La mano, otro milagro más. Y por duplicado. Si el pie ha sido elaborado por los más finos ebanistas, en la mano subyace una labor en la que se mezclan la ingeniería, la estética y el pragmatismo, como si a Da Vinci le hubiesen dado potestad para enredar con la carne, los tendones y los huesos.
Son las manos las que escriben. Los expertos andan a vueltas con los beneficios de la escritura manual, pero estos señores, como siempre, llegan tarde, porque eso es algo que sabe cualquier poeta adolescente, para el que es obvio que ese torbellino al que lo está arrastrando el mundo se templa cuando toma papel y lápiz, o boli, hasta pluma, y empieza a versificar, explicándoselo todo. Mis manos aporrean el teclado y el tictoqueo resultante es el sonido del lenguaje pasando de lo espiritual a lo concreto. Las manos, con sus cinco capitanes digitales, capaces de imaginar El Quijote o las elegías de Rilke. He dicho bien: las manos imaginando, porque si lo más profundo que tenemos es la piel, como también y tan bien vio otro poeta, quizá ocurre que el pensamiento, que viene de las jurisdicciones cerebrales envuelto en una vaga niebla, encuentra su asiento en las manos. Sólo cuando se filtra por la punta de los dedos es cuando la palabra se hace carne, verbo, acción, acto.
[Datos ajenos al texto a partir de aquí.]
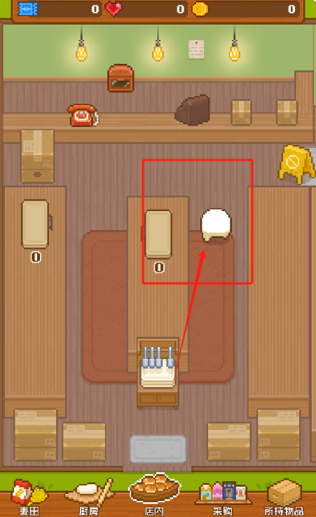 2、点厨房按钮做面包,红圈里的东西要特别注意。

Las manos, tan aptas para la caricia como para el asesinato, sabias herramientas de amor y sexo o, en cambio, de devastación. Manos de boxeador, manos de pianista, manos que curan manos, y que afeitan, manos posadas sobre la tripa de la embarazada, sintiendo las primeras pataditas emocionadas de la criatura. Manos lavándose entre sí o dándole el baño al bebé, o curándole el ombligo, o cambiándole el pañal, creando así una memoria imperecedera a la que agarrarse cuando, después, la rueda siga su curso y retorne el infierno a lo cotidiano. Manos políticas, expertas en el crimen, manos que, por contra, ayudan, o que se hunden en la tierra en pos de sus más preciados frutos. Manos obsesas de móvil, manos que encienden cigarros, que comercian con monedas y billetes, manos que cogen algodón, o cogían, antes de que hubiera máquinas, antes, que había algodón. Manos que firman, que torean, que esculpen y dibujan maravillas o alzan catedrales, esos artilugios que buscan el alma. Manos inventoras, las de Arquímedes y Tesla, manos que se hunden en la matemática. Mis manos danzando con los números sobre la pizarra, compartiendo con la hija los prodigios de la geometría y la aritmética.
Manos que traicionan, que anotan, que alzan la copa para brindar con amigos. Manos que portan anillos, o que convencen a las cuerdas de la guitarra para que ésta mantenga su idilio con el aire conmovido. Manos de críos jugando con el barro y los balones. Manos de abuela amasando meriendas. O del abuelo rebuscando en el monedero para sacar un duro con el que convidarte. Manos de madre ahuyentando las fiebres. Manos de padre, encalleciéndose contra los ladrones oficiales para darnos de comer.
Hoy, al sentarme ante el folio en blanco, de vuelta de pasear con Yoda por los parques, no tenía ni idea de lo que iba a teclear. Pero lo sabían las manos, mis manos, ellas sí, que al final siempre me resuelven la papeleta. Otro milagro más. Y por duplicado. Manos que descansan satisfechas cuando acaban de escribir.